臨也はますます、彼に手を伸ばしたくなって、焦って。
「帝人−!お前何やってんだよ、廊下寒いだろ!」
だからその時、そうして空気を壊してくれる声があってよかったと思う。真剣に、思う。友達に呼ばれたらしく、少年が反対方向に振り返り、
「ごめん!今行く」
と走りだした、その背中を見送って、臨也は呆然と途方に暮れた。
今、自分は何をしようとした。
今。
この場であの子を抱きしめてしまいそうだったのでは、ないか?
それを恋だと自覚するまで、長くはかからなかった。合格発表の時、入学式の時、「帝人」と呼ばれたその少年を探して歩いたことも、否定はしない。最初の授業、窓側後ろから二番目の席、彼の姿を見つけた時の歓喜を、なんと表現すればいいのかわからない。
震えるほどのその歓喜。
そう、少年は臨也の世界を、確かに揺るがした強烈な風だった。
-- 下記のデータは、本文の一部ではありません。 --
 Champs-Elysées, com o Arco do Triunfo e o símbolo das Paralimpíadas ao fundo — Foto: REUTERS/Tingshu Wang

吹き飛ばされて落ちるところまで落ちて、それでも抱きしめたくて思い切り両手を広げて。先生と呼ばれるたびに否定したい衝動にかられて、必死に自分を抑えつけた。そんな、役職の名前で呼ばないで、俺を呼んでよと。
じりじりと近づいて、ゆっくりとゆっくりと馴染んで、いずれその近くに自分が居ることが当たり前になればいいと思っていたから。だから帝人の家に泥棒が入ったとき、攫うように連れ去って、大家に改装を促して一緒に入られる期間を伸ばしたりして。
「おかえり」と言われて、泣きそうになったり、して。
「・・・帝人君」
呼びかける。あの時と違って、今度はちゃんと振り返って、帝人は臨也の名前を呼ぶ。
「雪、まだ降ってるんです、綺麗ですね」
無邪気に笑うその笑顔が、昨日はあれほど艶やかに喘いだのが夢のようだ。淫らにもっととねだったのと同じ声で、こんな、清らかなことを言うのだから困る。
可愛くて、困る。
「・・・問題です」
抱き寄せてその唇に喰らいつく代わりに、臨也はいつかと同じ言葉を口にすることにした。白い首筋に残る自分の付けた所有印にさえ、嫉妬しそうなこの恋慕を、持て余している。
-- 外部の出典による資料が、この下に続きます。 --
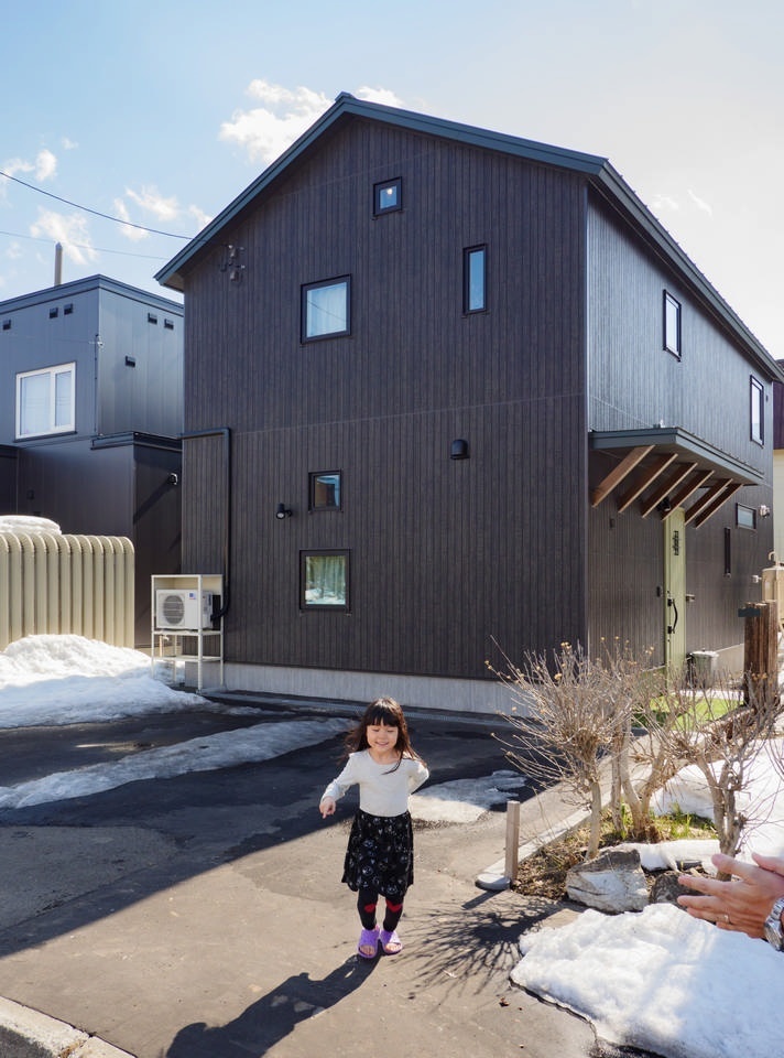 濃色のガルバリウム鋼板と道南杉との張り分けが落ち着いた個性を醸している3階建てのY邸。30代のご夫妻と、父親がお住まいの2世帯住宅です。

「今日、どうして雪がふったのでしょうか。十字以内で述べよ」
どんな答えが返っても、それが帝人の出した答えなら、百点をあげる事ができるかもしれない。教師は生徒に平等に、なんてくだらない。教師だって人間なんだから、多少の贔屓が会って当たり前じゃないか。特に国語なんてのは、文章を通した人柄の勝負だ。そういう意味で、帝人程面白い人間は他にない。
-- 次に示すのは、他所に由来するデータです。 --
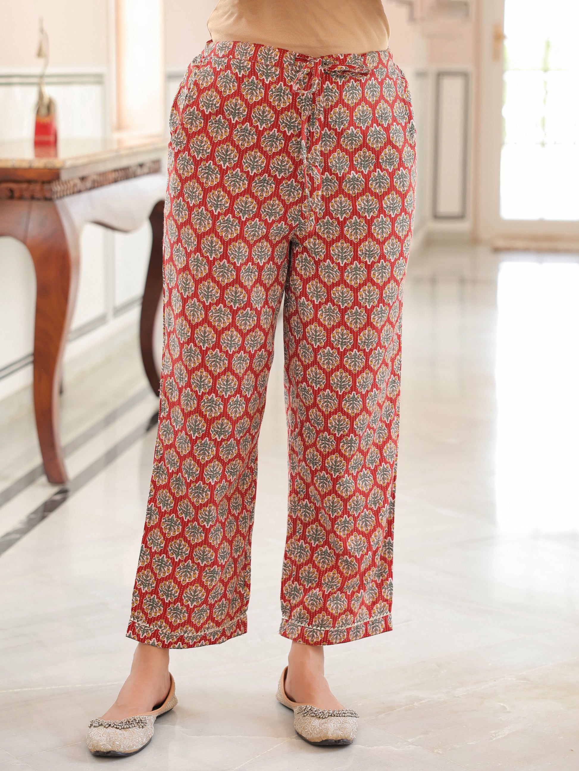 Crafted from Kantha Cotton, these Maroon bottoms are designed for all-day comfort. The chic Geometric work adds flair, and pockets provide convenience for carrying essentials. Great for casual days, shopping trips, or work, these bottoms pair effortlessly with your favourite tops. Their durable design and easy maintenance make them a practical staple.

帝人はきょとんと目を見開いて、それからパチパチと三度、瞬きをした。考えこむようなその仕草は、もしかして今の質問に覚えがある、とでも思っているのかも知れない。けれどもやがて小さく首を振り、窓から離れて臨也に近づき、帝人はふにゃりと笑う。
まるで、とてもとても幸せだとでも、言うように。
「この答えは、自信あります」
そうして少年は、勢い良く臨也に抱きついて、言うのだった。